**** RAW DATA

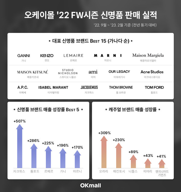 명품 이커머스 오케이몰(대표 장성덕)은 ’22년 9월부터 ’23년 2월 FW 시즌 매출 분석 결과 신명품 브랜드 15개의 매출액 성장률이 전년 동기 대비 35%에 달할 만큼 성장세가 돋보였다고 밝혔다.
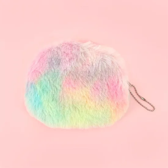Product Description Mini Plush round Zipper Velvet Coin Purse with Keychain for Kids Girls' Key Wallet Accessory
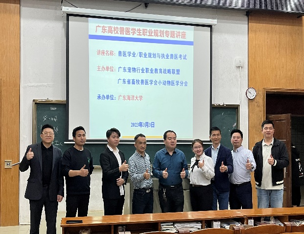 3月3日,为提高公司动物医学专业员工的专业认识度、加强在校员工职业规划建设工作,beat365英国官网网站动物医学系特邀请广东宠物行业职业教育战略联盟和广东省畜牧兽医学会小动物医学分会来公司对员工进行了“高校兽医员工职业规划专题讲座”交流活动。本次活动讲师团由广东省畜牧兽医学会小动物医学分会会长、华南农业大学兽医公司石达友教授领衔,同时还有广州它经济人才发展有限公司、领航连锁宠物医院、深圳桥生医疗器械科技有限公司、广州宠加爱科技有限公司及beat365英国官网网站临床教学动物医院等多家企业负责人参加。此次宣讲团主要目的是向公司动物医学专业在校员工进行“兽医学业/职业规划”并对推行及奖励“执业兽医资格考试”进行宣讲。
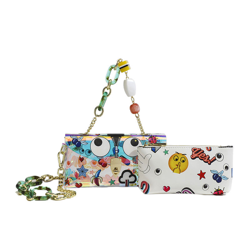 Borse a Tracolla Colorate con Tema Occhio di Gatto e Cinturini con Gioielli, Borsa a Tracolla con Portafoglio Piccolo per Donne # 2336

********

GOAL OF THE EXERCISE>
Begin at the first line of the listing and print each line exactly. Stop after the line containing "Product Description Mini", and omit all pictures.

SOLUTION TO THE EXERCISE>
 명품 이커머스 오케이몰(대표 장성덕)은 ’22년 9월부터 ’23년 2월 FW 시즌 매출 분석 결과 신명품 브랜드 15개의 매출액 성장률이 전년 동기 대비 35%에 달할 만큼 성장세가 돋보였다고 밝혔다.
Product Description Mini Plush round Zipper Velvet Coin Purse with Keychain for Kids Girls' Key Wallet Accessory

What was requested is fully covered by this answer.